Drug details, clinical trial results
Nearly 4,000 subjects participated in the clinical trials for Harvoni and the Viekira Pak. The drugs were tested for 8, 12 or 24 weeks. A separate Harvoni trial exclusively on people with bleeding disorders concluded in March 2015.
Harvoni contains two antiviral agents: ledipasvir, an NS5A protease inhibitor, and sofosbuvir, an NS5B polymerase inhibitor. Sofosbuvir is the component in Sovaldi®, Gilead’s blockbuster drug that debuted in 2013. Patients previously treated with other therapies and those with cirrhosis were included in the trials. That’s the profile of some men with hemophilia.
If you were on a previous HCV therapy but failed to achieve SVR, Harvoni may help you succeed. “Treatment-experienced patients can be treated for 12 weeks,” says Luxon. But if you have cirrhosis, or liver scarring, the duration of the therapy will be 24 weeks, he says. The FDA did not specifically approve Harvoni for use in patients co-infected with HCV and HIV. However, it will be used off-label for these patients, Luxon says.
The Viekira Pak holds three pills, two of which are dasabuvir, an NS5B non-nucleotide polymerase inhibitor. The other is a combination of ombitasvir, an NS5A inhibitor; paritaprevir, an NS3/4A protease inhibitor; and ritonavir, a protease inhibitor found in HIV therapies. Ritonavir boosts blood levels of paritaprevir. “It blocks the liver’s enzymes from metabolizing the active drug,” explains Luxon.
In contrast to Harvoni, patients with HIV were included in the Viekira Pak trials. “There was a 92% cure rate,” Luxon says. “The results were stunning.”
Further, only 1%–2% of patients discontinued their participation before the end of the trials. The reported side effects were minor and included fatigue, itching, nausea and sleep disturbances.

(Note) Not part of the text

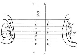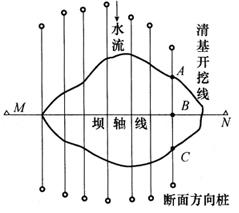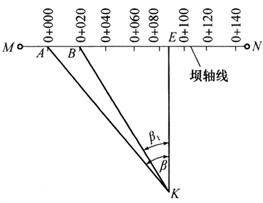 释义 | 土坝的施工放样 土坝具有可就地取材、施工简便的特点。建筑土坝时的施工放样其内容包括:坝轴线的测设,坝身控制测量,清基开挖线、坡脚线的放样,坝体边坡线的放样及修坡桩的测设等。 1.坝轴线的测设 .对于中、小型土坝的坝轴线位置,一般由工程设计和勘测人员组成选线小组,根据坝址的地质和地形情况,经过方案比较,在现场直接选定。 当坝轴线的两端点在地面确定后,应埋设永久性标志。为了防止施工时端点被破坏,可用经纬仪将其向两端延长到不受施工干扰、易于保存的地方。 2.坝身控制测量 坝轴线是土坝施工放样的主要依据,但是,要进行土坝的细部放样时,在施工干扰较大的情况下,仅有一条轴线是不能满足施工需要的,因此,还必须进行坝身控制测量。坝身控制测量包括平面控制测量和高程控制测量。 (1)平面控制测量 1)平行于坝轴线的控制线的测设 如图13-15所示,M、N是坝轴线的两个端点,M′、N′是轴线上的引桩。将经纬仪设置在M点,照准N点,固定视线,向河床两侧平坦的地面上定出A、B两点。测设时应分别在坝轴线的端点A、B安置经纬仪,定出坝轴线的两条垂线CF和DE,在垂线上按规定的轴距(如5m、10m、20m、30m等)用钢尺丈量出各平行控制线距坝轴线的距离,得各平行线的位置a,b…点,然后用木桩在实地标定。在B点安置经纬仪的方法与A点安置经纬仪测设基本相同。同理可定出a′,b′,…点,aa′,bb′,…直线即为坝轴线AB的平行线,把各平行线延长到两边山坡上,并埋设标志。 图13-15 轴线平行线测设图 2)垂直于坝轴线的控制线的测设 垂直于坝轴线的控制线一般按每隔10~20m设置。通常是将坝轴线上与坝顶设计高程一致的地面点作为坝轴线里程桩的起点,称为零号桩。其桩号为0+000,从零号桩起,每隔一定距离分别设置一条垂直于坝轴线的直线。 测定零号桩的方法,如图13-16所示,在坝轴线端点M附近安置水准仪,后视水准点上的水准尺,得读数为a,则零号桩上的应有读数b可按下式计算,即 b=(H0+a)-H顶 式中 b——零号桩上水准尺的读数(m); H0——水准点的高程(m); H顶——坝顶的设计高程(m)。 在坝轴线的另一个端点N上安置经纬仪,照准M点,固定照准部,扶尺员持水准尺在经纬仪视线方向沿山坡上、下移动,当水准仪中丝读数为b时,则该立尺点即为坝轴线上零号桩的位置。 图13-16 测定坝轴线的控制线里程桩 零号桩位置确定后,可沿坝轴线由0+000起按选定的距离(图13-16中为20m)丈量,并顺序钉里程桩,其桩号依次为0+020,0+040,…,直至另一端坝顶与地面的交点为止。当地面坡度较陡,直接丈量里程有困难时,可用交会法测设出适当位置P,该点应位于下游或上游便于测距的地方,在E点测设垂直线EK,并精确丈量EK距离。观测水平角β,计算AE的距离为: 如果要测设0+020的里程桩,可用下式算得β1角,即 再用两台经纬仪,分别安置于K和N点。设在N点的仪器照准M点,固定照准部;设在K点的仪器测设角β1;两台仪器视线的交点即为B点。其他里程桩可按上述方法放样。 在各里程桩上分别安置经纬仪,照准坝轴线上较远的一个端点M或N,照准部旋转90°,即可得到一系列与坝轴线垂直的直线。将这些垂线也投测到围堰上或山坡上,用木桩或混凝土桩标志各垂直线的端点。这些端点桩称为横断面方向桩,它们是施测横断面以及放样清基开挖线、坝坡面的控制桩。 (2)高程控制测量 用于土坝施工放样的高程控制,除在施工范围外布设三等或四等精度的永久性水准点外,还应在施工范围内设置临时性水准点。临时性水准点应布置在施工范围内不同高度的地方,以便安置1~2次仪器就能放出需要的高程点。临时水准点应根据施工进度及时设置,并与永久水准点构成附合或闭合水准路线,按等外精度施测。 3.清基开挖线的放样 清基开挖线就是坝体与地面的交线。为了使坝体与地面紧密结合,在坝体填筑前,必须清除坝基自然表面的松散土壤、树根等杂物。在清理基础时,为了不超量开挖自然表土、节省人力物力,测量人员应根据设计图,结合地形情况放出清基开挖线,以确定施工范围。 放样清基开挖线,一般可用图解法量取放样数据。如图13-17所示点在坝轴线上的里程为0+080,A、C为坝体的设计断面与地面上、下游的交点,量取图上BA、BC的距离为d1、d2。放样时,在B点安置经纬仪,定出横断面方向,从B点分别向上、下游方向测设d1、d2,标出清基开挖点A和C。用上述方法定出各断面的清基开挖点,各开挖点的连线即为清基开挖线,如图13-18所示。由于清基开挖有一定的深度和坡度,所以应按估算的放坡宽度确定清基开挖线。当从断面图上量取di时,应按深度和坡度加上一定的放坡长度。 图13-17 图解法放样清基开挖点的数据 图13-18 标定清基开挖线 4.坡角线的放样 清基以后,应放出坡角线,即坝体与地面的交线,以便填筑坝体。下面介绍两种放样方法。 (1)平行线法 坝身控制测量时,设置平行于坝轴线的直线,其与坝坡面相交处的高程可按下式计算,即 式中 Hi——第i条平行线与坝坡面相交处的高程(m); H顶——坝顶的设计高程(m); di——第i条平行线与坝轴线之间的距离,简称轴距(m); b——坝顶的设计宽度(m);

Ribavirin, the former sidekick of interferon in treating HCV, is still in the picture. It adds a therapeutic benefit for patients with genotype 1a, people with cirrhosis and those who’ve had a liver transplant, says Luxon.
The media have spotlighted the astronomical costs of these new oral HCV drugs. At a price tag of $94,500 and $83,319 for 12 weeks of Harvoni and Viekira, respectively, patients’ heads may be spinning, not to mention insurance companies’ expenses. And even more so if you’ll be on the 24-week protocol.
Luxon offers his perspective on the cost controversy. The new oral drug regimens prevent patients’ livers from developing end-stage liver disease (ESLD) and cancer, and requiring costly liver transplants and anti-rejection drugs for life, he says. “This is a very cost-effective way to prevent ESLD and improve the quality of life for these patients,” affirms Luxon.
Once additional pharmaceutical companies enter the fray, look for drug prices to drop. “As we have more competition in the market, I believe the costs will be driven down,” Luxon says.
For the past few years, hepatologists (liver specialists) have been waiting for the optimal medications to come along for their HCV patients. That time is now. “The overall message I try to stress is that we now cure greater than 95% of patients with hemophilia who are infected with HCV, whether you’re cirrhotic or co-infected with HIV,” Luxon says. “This is a huge breakthrough.”